凌雲堂では、インクジェットの墨表現への応用を、表具店の立場から個人で細々と研究してまいりました。その成果は店内に掛軸として飾ってありますが、こちらからの説明なしに、複製と指摘された方はおりません。ポイントは
- 書道用紙に出力する
- 表装する
ことであると思っております。
高度に電子化されたデータであっても、コピー用紙に出力してしまえば印刷された手本と何ら変わりはありません。書道用紙への出力は、紙の質感とインクの若干の滲みなどにより、かなり本物に近く感じられます。さらにそれを表装すれば、心理的な効果もあって、まず印刷を分かる方はいないでしょう。

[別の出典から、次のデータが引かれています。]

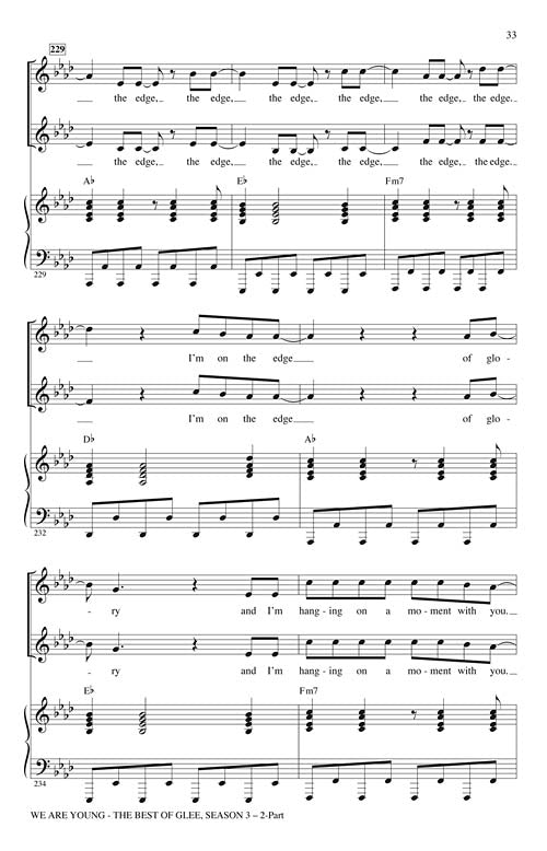 We Are YoungThe Best of Glee, Season 3 MedleyPublisher: Hal LeonardCategory: ChoralSeries: Pop Choral SeriesFormat: PaperbackSeason 3 of Glee saw changes for its cast, but the music remains as strong a focus as ever! This 9-minute...Regular price $39.99 -
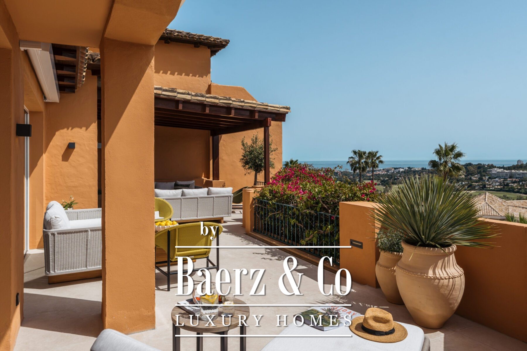 Apartment Marbella presents a rare vantage point above the prestigious streets of La Cerquilla, Nueva Andalucía. This fully renovated ground floor residence spans 215 m² and offers panoramic views of the Mediterranean Sea, the mountains, and famed golf courses, establishing a sense of harmony between sophisticated interior design and the surrounding landscape.

当店では、「書かれたように見える印刷」を目指して研究をし、作業をしてまいりました。このカテゴリでは、そのために必要な
- 床の間にかけた掛軸が書かれたように見えるのに必要な解像度はどの位か
- 掛軸に仕立てるために必須の、薄い和紙をプリンタに通すには?
- 電子化時に写ってしまった紙色や汚れの除去
- 分割してスキャンした画像の合成方法
- そのほか「書かれたように見える印刷」に必要な、補正や画像処理
などの事柄をご説明してまいります。全て自己流ですのでお役に立てるかはわかりません。参考にしていただければ幸いです。